_Given data_.
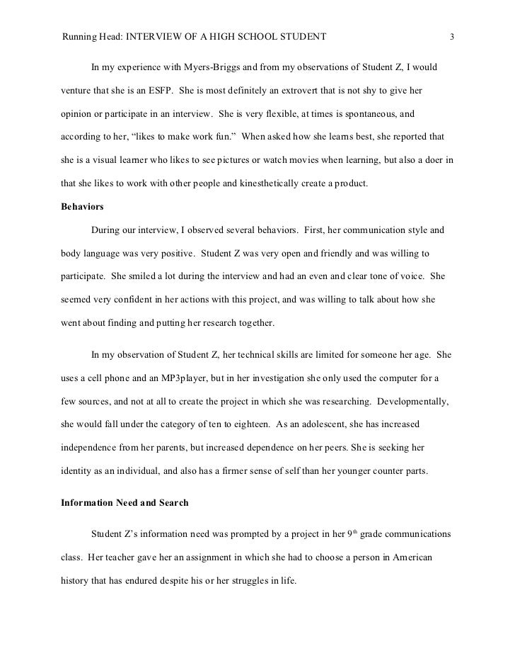 3. 3. Running Head: INTERVIEW OF A HIGH SCHOOL STUDENT 3 In my experience with Myers-Briggs and from my observations of Student Z, I wouldventure that she is an ESFP. She is most definitely an extrovert that is not shy to give heropinion or participate in an interview. She is very flexible, at times is spontaneous, andaccording to her, “likes to make work fun.” When asked how she learns best, she reported thatshe is a visual learner who likes to see pictures or watch movies when learning, but also a doer inthat she likes to work with other people and kinesthetically create a product.Behaviors During our interview, I observed several behaviors. First, her communication style andbody language was very positive. Student Z was very open and friendly and was willing toparticipate. She smiled a lot during the interview and had an even and clear tone of voice. Sheseemed very confident in her actions with this project, and was willing to talk about how shewent about finding and putting her research together. In my observation of Student Z, her technical skills are limited for someone her age. Sheuses a cell phone and an MP3player, but in her investigation she only used the computer for afew sources, and not at all to create the project in which she was researching. Developmentally,she would fall under the category of ten to eighteen. As an adolescent, she has increasedindependence from her parents, but increased dependence on her peers. She is seeking heridentity as an individual, and also has a firmer sense of self than her younger counter parts.Information Need and Search Student Z’s information need was prompted by a project in her 9th grade communicationsclass. Her teacher gave her an assignment in which she had to choose a person in Americanhistory that has endured despite his or her struggles in life.
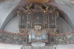 | Gehäuse: | Das Gehäuse wurde von Joseph Wirth 1786 für die Karmelitenkirche in Augsburg (Deutschland) errichtet. Mit der Schließung des Klosters (eine Jahreszahl konnte hierzu noch nicht eruiert werden) kamm die Orgel nach Breitenwang in Tirol. Das alte Orgelwerk ging im Laufe der Jahre verloren. |
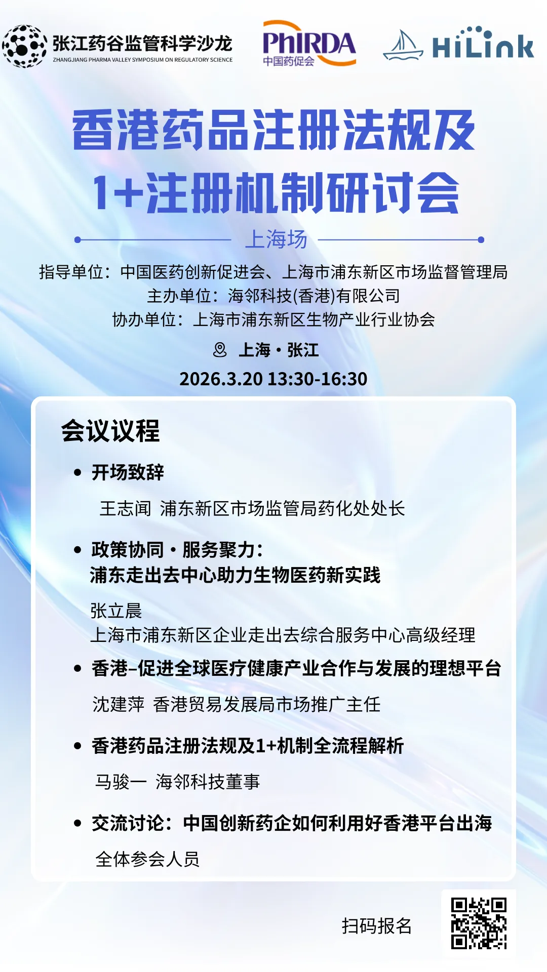 “香港药品注册法规及1+机制系列研讨会-上海场”将于2026年3月20日在上海浦东召开,具体活动安排详见下方活动海报,欢迎扫码报名参加。
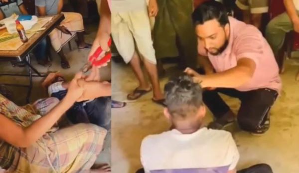 এ সময় চুরির অভিযোগটি স্বীকার না করায় স্থানীয় যুবক তাজউদ্দিন (২০) এবং স্থানীয় বাসিন্দা উহ্লা মংকে (৪৩) শারীরিকভাবে নির্যাতন করেন। প্লাস দিয়ে টেনে হাতের নখ তুলে ফেলার চেষ্টা করেন এবং প্লাস ও লাঠি দিয়ে মারধরের দৃশ্য ভিডিওতে দেখা গেছে। পরে পুলিশকে ডেকে দুজনকে চুরির মামলায় পুলিশের কাছে হস্তান্তর করে। আদালতের নির্দেশে তাদের জেলে পাঠানো হয়েছে।

_Instructions to follow_.
Print every line of the data exactly. Pictures do not belong in the copy.

_Solution for this problem_.
 3. 3. Running Head: INTERVIEW OF A HIGH SCHOOL STUDENT 3 In my experience with Myers-Briggs and from my observations of Student Z, I wouldventure that she is an ESFP. She is most definitely an extrovert that is not shy to give heropinion or participate in an interview. She is very flexible, at times is spontaneous, andaccording to her, “likes to make work fun.” When asked how she learns best, she reported thatshe is a visual learner who likes to see pictures or watch movies when learning, but also a doer inthat she likes to work with other people and kinesthetically create a product.Behaviors During our interview, I observed several behaviors. First, her communication style andbody language was very positive. Student Z was very open and friendly and was willing toparticipate. She smiled a lot during the interview and had an even and clear tone of voice. Sheseemed very confident in her actions with this project, and was willing to talk about how shewent about finding and putting her research together. In my observation of Student Z, her technical skills are limited for someone her age. Sheuses a cell phone and an MP3player, but in her investigation she only used the computer for afew sources, and not at all to create the project in which she was researching. Developmentally,she would fall under the category of ten to eighteen. As an adolescent, she has increasedindependence from her parents, but increased dependence on her peers. She is seeking heridentity as an individual, and also has a firmer sense of self than her younger counter parts.Information Need and Search Student Z’s information need was prompted by a project in her 9th grade communicationsclass. Her teacher gave her an assignment in which she had to choose a person in Americanhistory that has endured despite his or her struggles in life.
 | Gehäuse: | Das Gehäuse wurde von Joseph Wirth 1786 für die Karmelitenkirche in Augsburg (Deutschland) errichtet. Mit der Schließung des Klosters (eine Jahreszahl konnte hierzu noch nicht eruiert werden) kamm die Orgel nach Breitenwang in Tirol. Das alte Orgelwerk ging im Laufe der Jahre verloren. |
 “香港药品注册法规及1+机制系列研讨会-上海场”将于2026年3月20日在上海浦东召开,具体活动安排详见下方活动海报,欢迎扫码报名参加。
 এ সময় চুরির অভিযোগটি স্বীকার না করায় স্থানীয় যুবক তাজউদ্দিন (২০) এবং স্থানীয় বাসিন্দা উহ্লা মংকে (৪৩) শারীরিকভাবে নির্যাতন করেন। প্লাস দিয়ে টেনে হাতের নখ তুলে ফেলার চেষ্টা করেন এবং প্লাস ও লাঠি দিয়ে মারধরের দৃশ্য ভিডিওতে দেখা গেছে। পরে পুলিশকে ডেকে দুজনকে চুরির মামলায় পুলিশের কাছে হস্তান্তর করে। আদালতের নির্দেশে তাদের জেলে পাঠানো হয়েছে।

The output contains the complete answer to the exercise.